5 faith facts about George Pataki: A Catholic who doesn’t always toe the line

(RNS) Pataki is Roman Catholic but has frequently taken stances that conflict with Catholic teaching.

Former New York governor and probable 2016 Republican presidential candidate George Pataki speaks at the First in the Nation Republican Leadership Conference in Nashua, New Hampshire April 17, 2015. Photo courtesy of REUTERS/Brian Snyder
*Editor: This photo may only be republished with RNS-PATAKI-FAITH, originally transmitted on May 28, 2015.
Former New York governor and probable 2016 Republican presidential candidate George Pataki speaks at the First in the Nation Republican Leadership Conference in Nashua, New Hampshire April 17, 2015. Photo courtesy of REUTERS/Brian Snyder *Editor: This photo may only be republished with RNS-PATAKI-FAITH, originally transmitted on May 28, 2015.

Former New York Gov. George Pataki speaks at the First in the Nation Republican Leadership Conference in Nashua, N.H., on April 17, 2015. Photo courtesy of REUTERS/Brian Snyder
*Editor: This photo may only be republished with RNS-PATAKI-FAITH, originally transmitted on May 28, 2015.

UPDATE: Former Gov.
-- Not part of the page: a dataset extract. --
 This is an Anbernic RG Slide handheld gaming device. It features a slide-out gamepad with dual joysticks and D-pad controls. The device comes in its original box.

George Pataki withdrew from the 2016 race on December 29

(RNS) George Pataki, who served three terms as the Republican governor of New York and hinted that he might run for president four and eight years ago, finally declared his candidacy Thursday (May 28).

Pataki is Roman Catholic but has frequently taken stances that conflict with Catholic teaching. He supports abortion rights and tried to restore the death penalty in New York state. He doesn’t often invoke his faith and has selectively highlighted his Catholicism when advantageous. Here are five faith facts about the married father of four.
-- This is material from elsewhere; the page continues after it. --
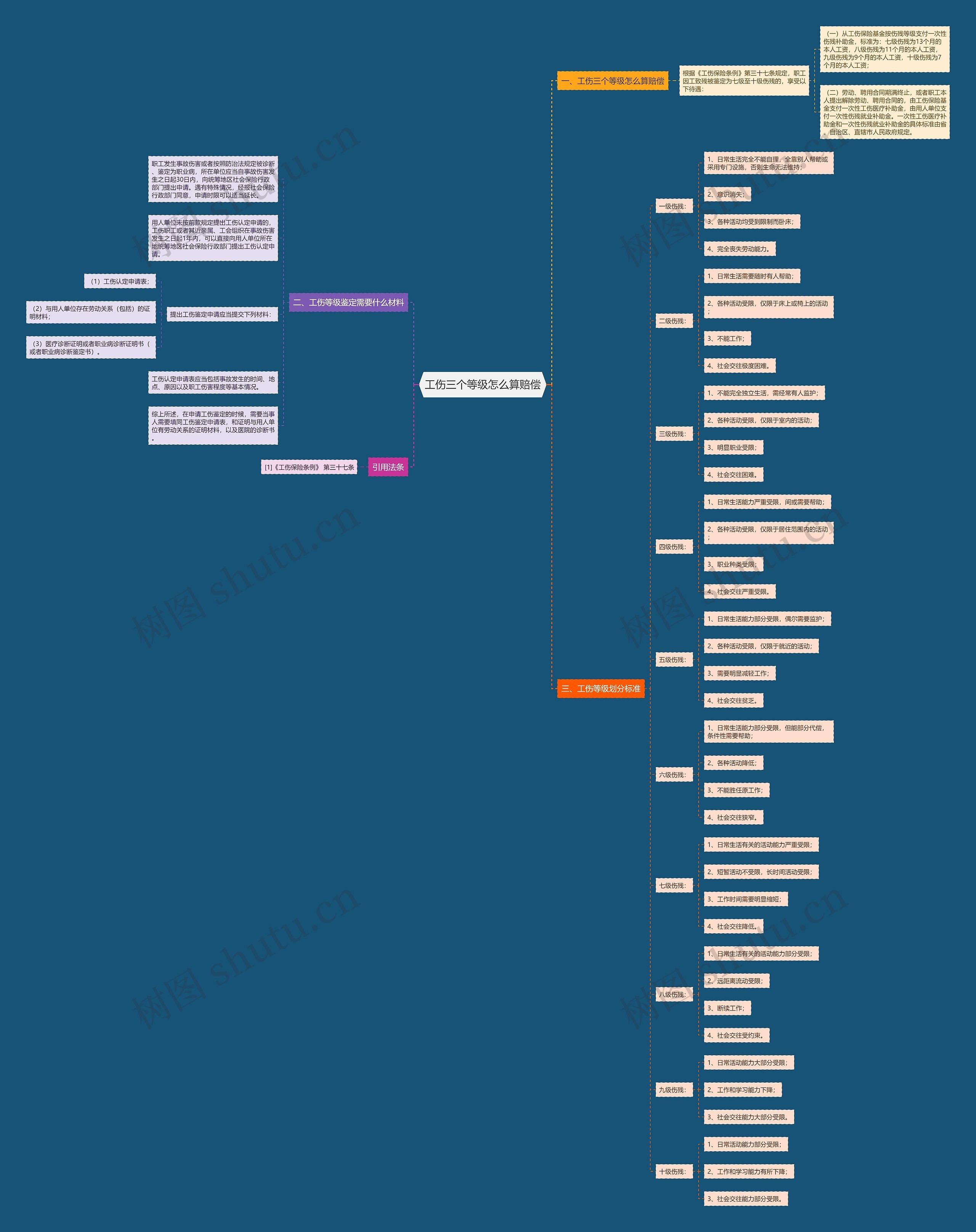 树图思维导图提供《工伤三个等级怎么算赔偿》在线思维导图免费制作,点击“编辑”按钮,可对《工伤三个等级怎么算赔偿》进行在线思维导图编辑,本思维导图属于思维导图模板主题,文件编号是:400ace689c6ba035e090ee1a3c1e05aa

1. He hated Indiana’s religious freedom law.

Pataki highlighted his opposition to Indiana’s recently enacted and redacted religious freedom law — widely criticized as anti-gay — as distinct from other GOP presidential candidates, who voiced support for the law or shied away from the controversy.

“I was the only one that was critical,” he said, according to New Hampshire public radio. And though other Republican contenders later voiced some misgivings about the law, Pataki said it should obviously have been rejected from the start. “You shouldn’t have to do a poll. This is America and we want to treat people as equals and to me it’s that simple.”

2. He supports abortion rights but … 

Pataki is unusual among GOP contenders in favoring abortion rights. He has chastised other Republicans for focusing on the issue, which he has called a “distraction.” He has also signed legislation as governor that mandated that insurers provide contraceptive coverage for women.

But neither is he a hero to the abortion rights movement. As governor and as a state legislator, he supported parental notification laws for minors seeking abortions, a ban on so-called partial-birth abortion and cuts to Medicaid funding for abortions.

3. He opposed a mosque near Ground Zero.

“I think it’s terribly wrong,” Pataki said of plans to build a mosque a few blocks from the site of the World Trade Center after 9/11. “I just don’t understand why people who are supposedly building a mosque to talk about tolerance and interfaith understanding could be so un-understanding of the feelings of those of us who were there on Sept. 11,” he told Newsmax TV.

He continued: “It’s not about religious freedom, it’s about putting a facility that is inappropriate so close to Ground Zero,” he said. “This is not about being anti-Muslim.”


4. He defended George W. Bush after his Bob Jones University appearance. 

In the 2000 presidential race, George W. Bush visited Bob Jones University, whose president had called Catholicism ”the religion of the Antichrist and a satanic system.” Pataki — a Bush supporter — said he would have discouraged the visit had he known about it, but he came to Bush’s defense, describing him as a tolerant man.

5. He carries a Jewish good-luck charm.

Pataki carries a dollar bill signed by the late Lubavitcher Grand Rabbi Menachem M. Schneerson, according to The New York Times.